I believe that one key aspect of this game is that any given team of four characters may be selected from any of the eight (and soon to be twelve) characters as long as there are no duplicates. I do not trust my math skills but it seems to me there may be as many as 70 possibilities with even the eight characters currently available. As opposed to any other miniatures game that I know, there are no "factions." I welcome any comments and corrections.

Waaaaaaaaaaaaaaay more combinations than that! There are already 1680 possible combinations of characters when choosing from the eight in the Aristeia box! 8 choices for your first slot * 7 choices for the second slot * 6 choices for the third slot * 5 choices for the last slot. The first expansion will take it up to roughly 20 million possible combinations of characters in a team. The second expansion (for a total of 16 characters) takes it up to about a trillion. The third is roughly 1e17, or a 1 followed by 17 zeroes. The fourth is roughly 2.6e22, or 26 followed by 21 zeroes.
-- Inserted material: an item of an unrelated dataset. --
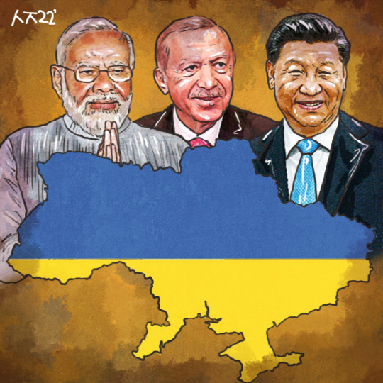 지난달 30일 끝난 이번 나토(NATO·북대서양조약기구) 정상회의의 최고 수혜국은 튀르키예(옛 터키)다. 튀르키예는 우크라이나 전쟁으로 러시아로부터 위협을 느낀 스웨덴과 핀란드가 나토에 가입하려 하자 반대했는데, 지난달 28일 갑자기 찬성으로 돌아섰다. 그 직후 미국은 튀르키예의 숙원이었던 최신예 전투기 F-16 40대를 튀르키예에 판매하기로 했다고 발표했다. 29일 스페인 마드리드 나토 회의장에서 열린 바이든 미 대통령과 레제프 타이이프 에르도안 튀르키예 대통령간 양국 정상회담은 어느 때보다 화기애애했음은 두말할 나위 없다. 결국 튀르키예는 나토의 비토권을 자기 잇속을 챙기는데 활용한 셈이고 그 배경에는 우크라이나 전쟁이 있다. 남의 불행 와중에 내 행복을 챙긴 것이나 다를 게 없는 것이다. 튀르키예처럼 우크라이나 전쟁의 뒤에서 잇속을 챙기는 국가들이 있다. 튀르키예 외에 인도와 중국이 대표적이다.

Not exactly, using that formula you'll be recounting the same options quite a few times. For example, let's say you just picked any 2. By doing 8 * 7, you'd be including both the situation where you started by picking Gata out of the 8 followed by picking Hexx3r from the remaining 7 AND the situation where you started by picking Hexx3r from the 8 followed by picking Gata, despite both giving the same result. The formula you used is a simple form of 'Permutations', which is used when picking an order matters. In other words, your math can be used to show how many different initiative orders can be put together from the whole roster. However, for a list where selection order doesn't matter (like a team roster), you want to be using Combination mathematics, which comes up with a far lower number.
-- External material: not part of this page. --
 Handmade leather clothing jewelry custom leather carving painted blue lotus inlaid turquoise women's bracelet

I'm awful at this and want to get better, can you please expand the working out to get to 495 from 12 choices?

The full formula can be seen here. You'll want to use 12 for the value of n and 4 for the value of r. The formula is the exact same for Combinations as it is for Permutations, except combinations have an additional 1/(r!) multiplied in. This is essentially just a way to reduce the final value by the number of different ways you can set up the choices. So in our case, 4! comes to 24, that is, for any 4 characters you pick, there are 24 different ways you could sort them. Since sorting doesn't actually matter for picking a team, we wan't to trim down our final result by that factor.

Doh! Thank you for the correction, it's too many decades since I did much set theory, so I forgot to take into account the sequence being irrelevant...

Using the link posted by eronth above, with the introduction of Smoke and Mirrors and 16 characters to build teams of 4 we have increased from 70 to 495 to now 1820 different possibilities of 4 character teams.

Once we have all 24 characters by Q1 2019, there'll be no less than 10,626 different combinations. Spoiler So no excuses for copying my original the team donut steal.

I am waiting for the post from the forum member who claims that have tried every combination and recommends specific best teams. I will share that I was playing a TTS game where my opponent chose Mushashi, 8Ball, Hannibal and Parvati. He beat me 9-0 on Assault. He was a better player but I think that this team is remarkably well balanced.